§ **TASK DETAILS**:
Please copy, exactly and with no pictures, only the lines from the one containing "当前,赛力斯已推出问界 M5、问界 M7、问界 M8 和问界 M9 四款车型,见下图。" through the last line of the records.

§ **RECORDED INFORMATION**:

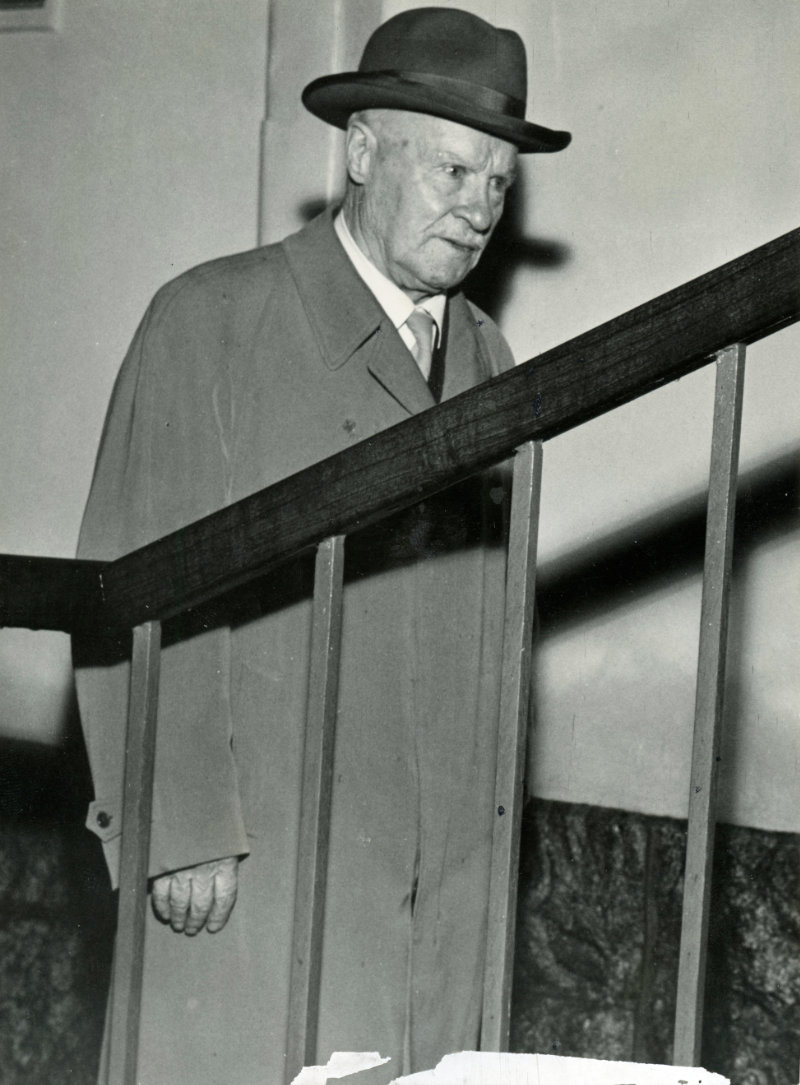 Väinö 23.10.1957 matkalla tasavallan presidentti Urho Kekkosen luo, jonne hänet oli kutsuttu Suomen Sosialidemokraattisen puolueen (SDP) nimitettyä hänet samana päivänä pääministeriehdokkaakseen. Käynnin seurauksena Tanner lupautui suorittamaan tunnusteluja hallituskysymyksen ratkaisemiseksi SDP:n esityksen mukaisesti sekä ilmoittamaan tunnustelujen tulokset aikanaan tasavallan presidentille. Työväen Arkisto.
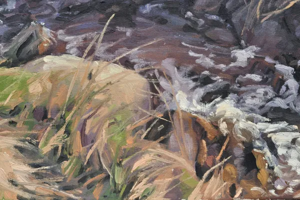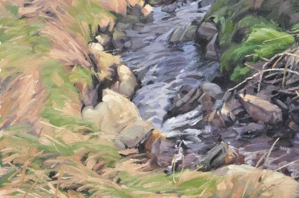 Cap Sizun offers a spectacular landscape of rugged coasts and steep cliffs plunging directly into the Atlantic. In this painting, I have tried to capture the winding stream that weaves between the cliffs, a continuous life current joining the ocean.
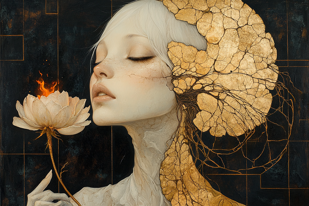 نقاشی رنگ روغن یک زن گل سفید طلایی
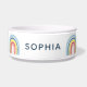 Ce mignon bol à chien comporte une adorable caricature arc-en-ciel, et de l'espace pour ajouter un nom dans la simple typographie. Le design moderne et minimaliste parfait pour tous les amoureux de l'arc-en-ciel, une excellente façon d'accueillir un nouvel animal de compagnie!
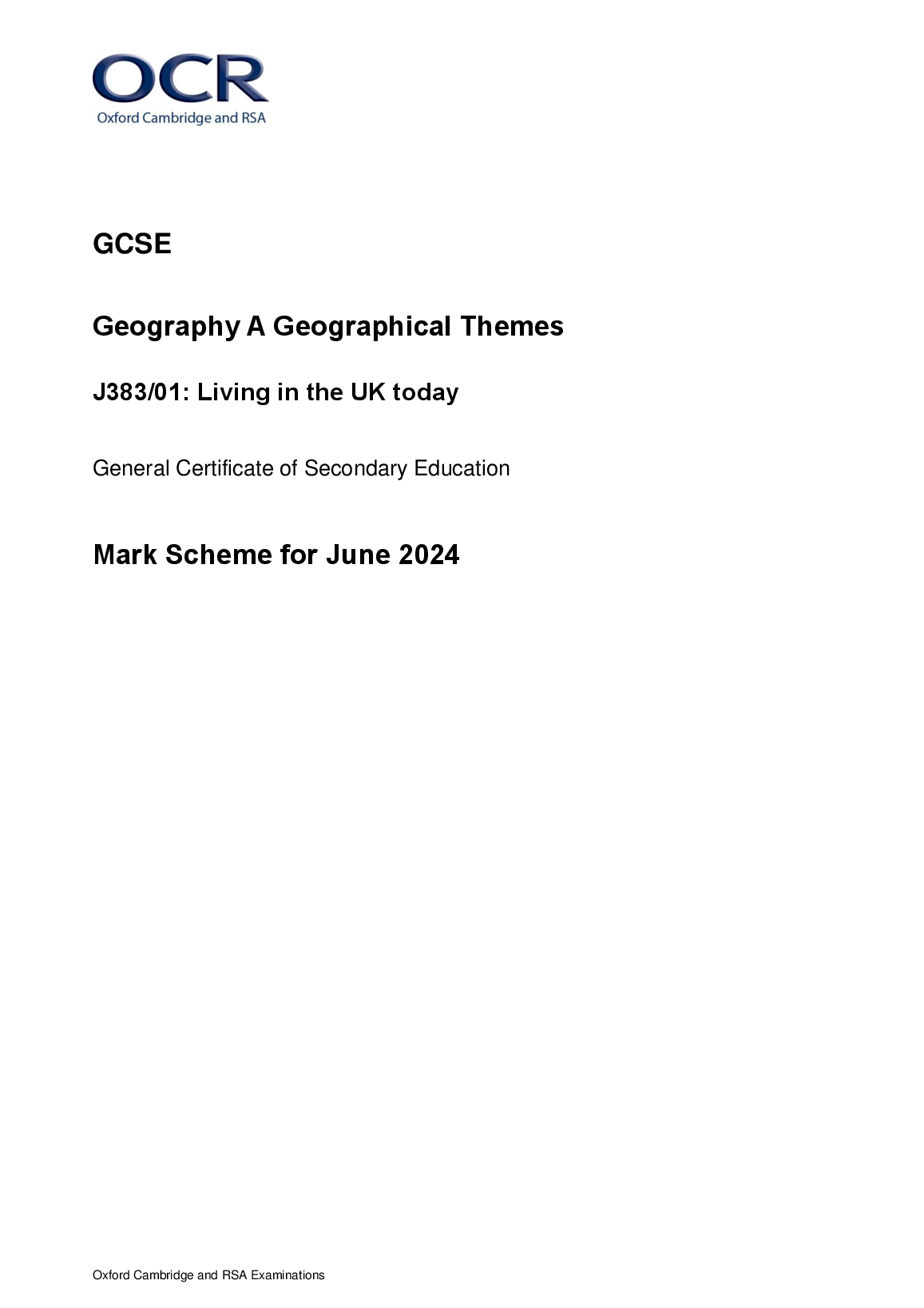 2024 OCR GCSE Geography A Geographical Themes Mark Scheme Paper 1 (J383/01: Living in the UK today). 2024 OCR GCSE Geography A Geographical Themes Mark Scheme Paper 1 (J383/01: Living in the UK today) OCR GCSE Question Papers and Mark Schemes
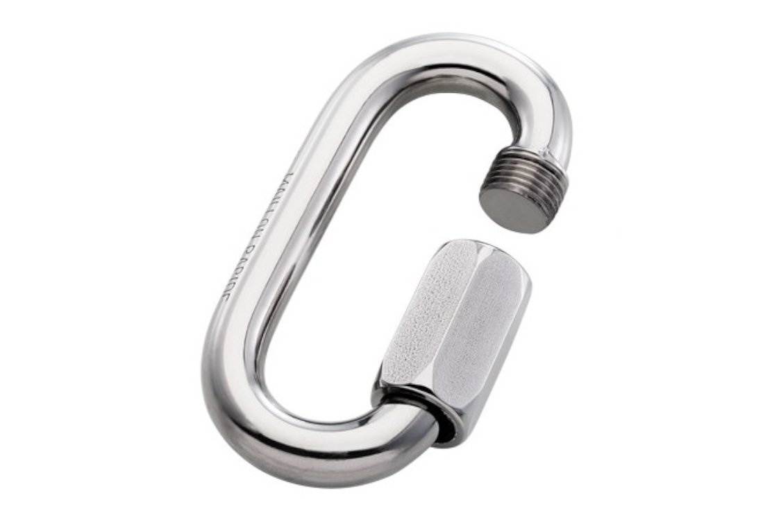 To simplify, it is a metal ring equipped with an articulated part that allows opening and closing in order to insert all kinds of connection loops. This articulated part, called the "gate", can be equipped with a locking system to prevent accidental opening.
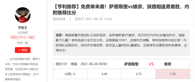 本场比赛机构初始开出了平手指数,现在已经升到了主队萨普斯堡让平半。一开始机构对于萨普斯堡的支持力度反而明显不及前几次双方交手的时候,显然对其本场取胜前景持怀疑态度。后续虽有上调赔付动作,但也有可能是刻意诱导。再结合双方近些年的交战记录来看,个人觉得本场维京不败抢分前景可期。
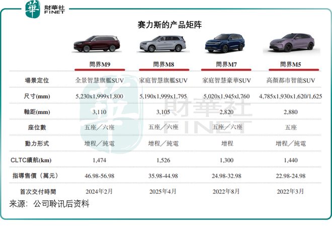 当前,赛力斯已推出问界 M5、问界 M7、问界 M8 和问界 M9 四款车型,见下图。
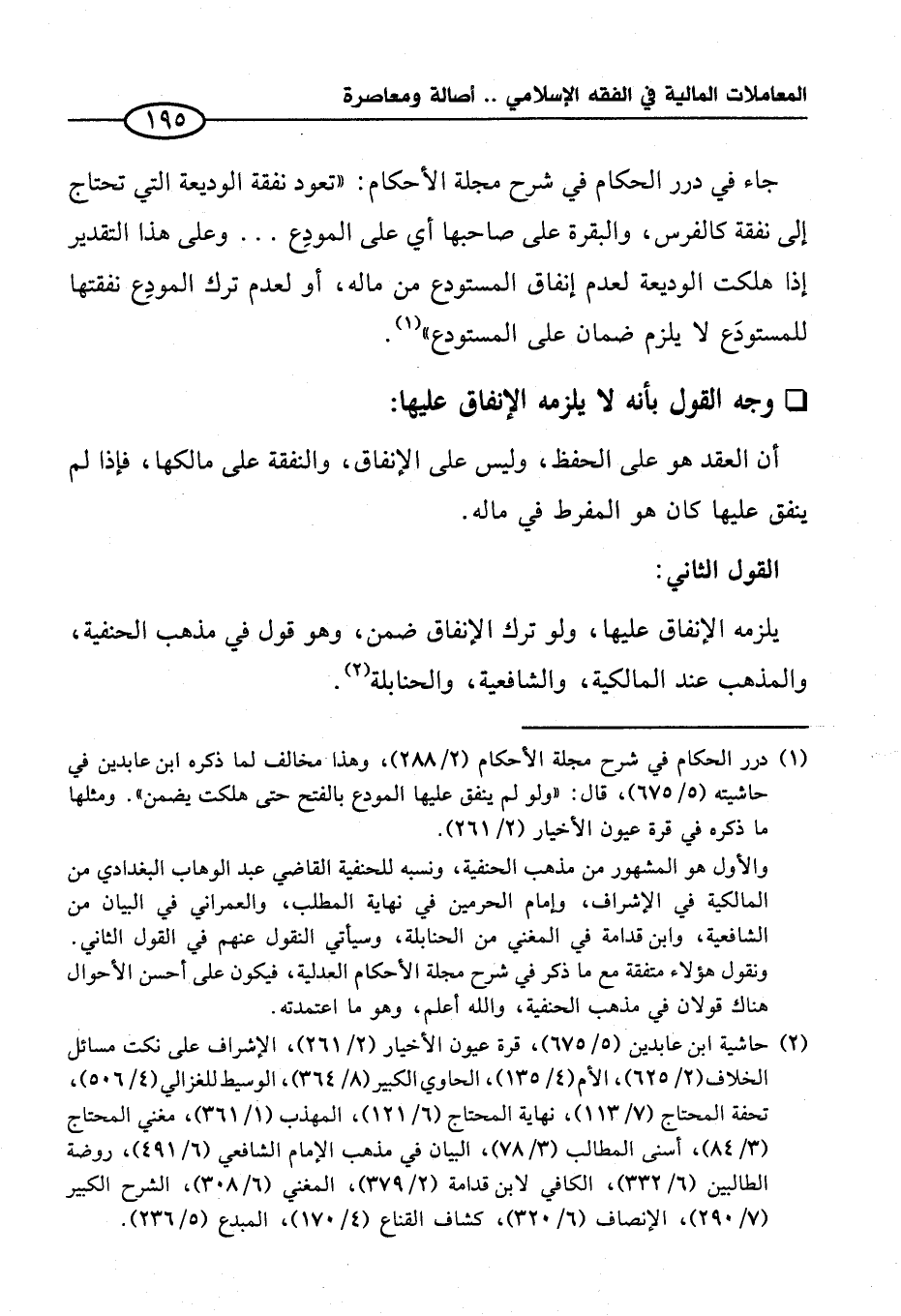 (¬١) درر الحكام في شرح مجلة الأحكام (٢/ ٢٨٨)، وهذا مخالف لما ذكره ابن عابدين في حاشيته (٥/ ٦٧٥)، قال: "ولو لم ينفق عليها المودع بالفتح حتى هلكت يضمن". ومثلها ما ذكره في قرة عيون الأخيار (٢/ ٢٦١).

§ **SOLUTION TO THIS PROBLEM**:
 当前,赛力斯已推出问界 M5、问界 M7、问界 M8 和问界 M9 四款车型,见下图。
 (¬١) درر الحكام في شرح مجلة الأحكام (٢/ ٢٨٨)، وهذا مخالف لما ذكره ابن عابدين في حاشيته (٥/ ٦٧٥)، قال: "ولو لم ينفق عليها المودع بالفتح حتى هلكت يضمن". ومثلها ما ذكره في قرة عيون الأخيار (٢/ ٢٦١).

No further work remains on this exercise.